Partick Thistle fans have been urged to ‘Save The Jags’ once again after the cinch Championship outfit announced losses of around £280,000 for the 2022/23 campaign – with The Jags Foundation (TJF), the supporters’ group, claiming that the club’s previous board’s “financial irresponsibility could have seen the demise of our club this season”.

The Firhill board released a statement on Wednesday morning informing its fanbase of the heavy losses sustained this term as it encouraged supporters to sign up to TJF in a bid to rescue the club from the financial peril it faces.

The announcement explained that the cash shortfall was caused by “an anticipated investment into the club not materialising, at the same time as the previous board committed to an increased playing budget for the men’s team with the objective of achieving promotion. There were also some errors with the original budget which meant costs would always be higher than planned in some areas.”

Following their mid-season appointment, the interim board “quickly established that we did not have sufficient funds to complete the season with a substantial cash-flow deficit. We secured our immediate future via loans to the club from directors, with longer-term investment now being sought.”

A statement from TJF followed shortly afterwards with a number of remarkable – and deeply concerning – revelations. If not for the Jags’ Scottish Cup fourth-round tie at Ibrox earlier this year, which banked the club almost £300k, Thistle would have been unable to pay wages in February and “would not have been able to comfortably pay the May salaries”. TJF added that the club “had to get lucky with unbudgeted, unforeseen income or find investment, or both”. Without the Cup income, Thistle’s losses would have been between £500k and £600k.

The blame for the dire straits the club finds itself in has been laid firmly at the door of the previous club board, who resigned en masse in December amid mounting pressure from supporters (with the exception of Duncan Smillie, who serves as chairman of the interim board) as the club’s fan ownership dispute came to a head.

“Please be assured these problems have nothing to do with fan ownership and are entirely to do with the conduct of the previous board, and the oversight and scrutiny they received from the previous custodians of the shares,” TJF explained in reference to Three Black Cats, the company that held Colin Weir’s majority stake in the club.

“The culture of over-spending and loss making has to come to an end,” TJF added. “We have no reserves left to sustain it any longer. Others have spent through every last crumb in the biscuit tin.”

The news will come as a matter of great concern to Thistle supporters, who had to mobilise in 1998 to prevent the club going bust in the ‘Save The Jags’ campaign. It is telling that the same phrase has been used in TJF’s statement, drawing an unhappy parallel between that bleak time and now.

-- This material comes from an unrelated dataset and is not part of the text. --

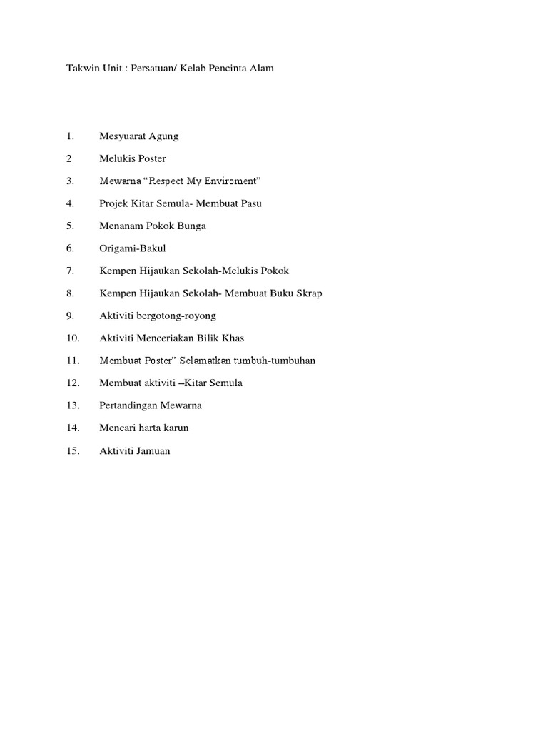 In sha allah berguna kepada rakan guru. 7.3 objektif kelab akan tercapai dengan gabungan aktiviti. Kelab pencinta alam sekolah telah ditubuhkan pada 22 jun 2012. Use the download button below or simple online reader. Kelab juga boleh memperolehi kewangan melalui aktiviti.
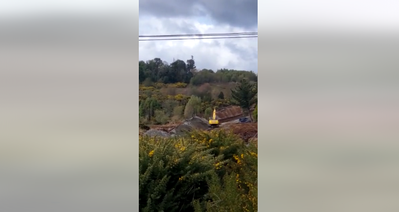 En un video captado por el mismo Hinostroza indicó mientras las imágenes muestran a una máquina retroexcavadora realizando movimientos de terreno

A lump sum of £50k has been paid to the club by TJF, who raise money via subscriptions from supporters, with the promise of a further £135k to follow during the 2023/24 campaign in order to “rebuild working capital and margins of safety” at Firhill. However, TJF has asked supporters to make greater contributions to the fans’ group as it does not currently generate £135k per annum.

TJF’s statement concluded: “Despite numerous challenges, we have survived since 1876. Yet financial irresponsibility could have seen the demise of our club this season. Frankly, and if you could forgive us for being emotional for a moment, we hope that no one involved in almost ending that 147-year history of our football club ever shows their face at Firhill again.

“It’s time to pull together, support our manager, dig deep where you can, and take pride in Saving the Jags again. Thank you.”

Meanwhile, the squad overhaul at Firhill this summer has begun after Scott Tiffoney agreed a move to recently-promoted Dundee. The winger will join up with his new team-mates once his Thistle contract expires this weekend.